Sunday, August 23, 2015
Barrence Whitfield and The Savages deliver in studio and on stage
Barrence Whitfield made a great return to the music scene in 2013 with Dig Thy Savage Soul, his first album in two decades, which became my favourite album of the year.
The new Barrence Whitfield and the Savages album, Under The Savage Sky, was just released by Bloodshot Records. While it won't top my 2015 faves list, it will certainly be on it.
The 12-song album, featuring eight originals and four covers, is brimming with short, straight to the gut tunes that blend vintage '60s soul and garage rock and combine to form a damn near irresistible package.
The 60-year-old Whitfield is a bona fide belter, guitarist Peter Greenberg (The Lyres, DMZ) pulls off licks that stick with you, the rhythm section of drummer Andy Jody and bassist Phil Lenker (The Lyres) propel things at a spirited clip, and saxophonist Tom Quartulli plays a more noticeable role than on the last album.
"Bad News Perfume" stops just short of becoming unhinged while down and dirty ballad "Adjunct Street" provides a nice change of pace. Timmy Willis’ “I’m a Full Grown Man,” Kid Thomas’ “The Wolf Pack,” Eddie Snow’s “I’m a Good Man” and Mercy Baby’s “Rock and Roll Baby” blend seamlessly with Whitfield's own songs.
But as good as Whitfield and the Savages are on record, things kick into an even higher gear on stage. They played Toronto's Horseshoe Tavern on Friday night, which he said was his first appearance in the city since the Blue Jays won the World Series. Local baseball fans are hoping that lightning will strike again but, even if the Jays fall short, Friday's electrifying performance was of championship quality.

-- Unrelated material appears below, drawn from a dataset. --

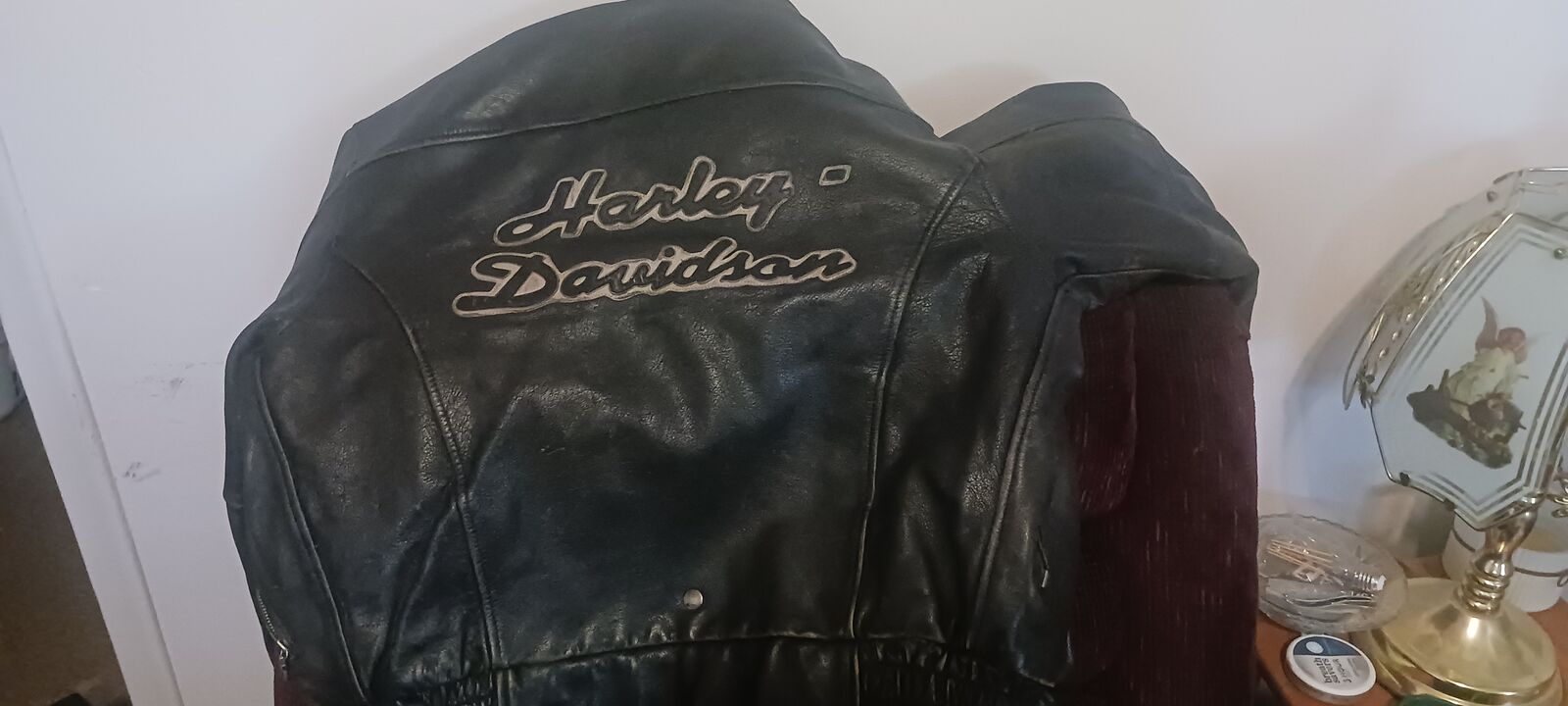 Vintage HD black on black white shadow bomber style leather jacket. Average to small build. Gotta see and feel to appreciate this RARE ol' ridding jacket.

The 22-song set kicked off with "The Wolf Pack" and the vintage "Bip Bop Bip" and included lots of songs from the two most recent albums while also reaching back farther into the catalogue several times. While I definitely liked Under The Savage Sky, hearing several of its songs live added to my appreciation of it, and the soul element of Whitifield's music came across even stronger in person.
Whitfield threw air punches through much of "Willie Meehan," a song about a relatively unheralded boxer who knocked out the legendary Jack Dempsey twice in their five bouts in 1917 and 1918. And since I was standing in the front row for much of the show, I was hit a few times by the beads of sweat that flew off his face and prompted him to wring out his shirt towards the end of the gig.
Whitfield lied down on the stage with his head resting on the monitor at the conclusion of "Walkin' With Barrence" and stayed there until rising like a phoenix from the ashes to ask the crowd if it wanted to hear more music as the rest of the band members who had left the stage made their return.
Folks weren't disappointed as the encore kicked off with "Ramblin' Rose." It had less punch and more soul than the proto-punk MC5 version and while it may not have been played as fast, it remained a powerful force. The audience clapped along to "Georgia Slop," which was followed by "I'm A Good Man." The high-energy 80-minute performance came to a too-soon conclusion with oldie and goodie "Dig Yourself."
Whitfield promised that it won't be another 22 years before he returns to Toronto, which is great news for the people who were there to see him and all of those who weren't but should. I don't think it will have quite the same impact when the man is 82.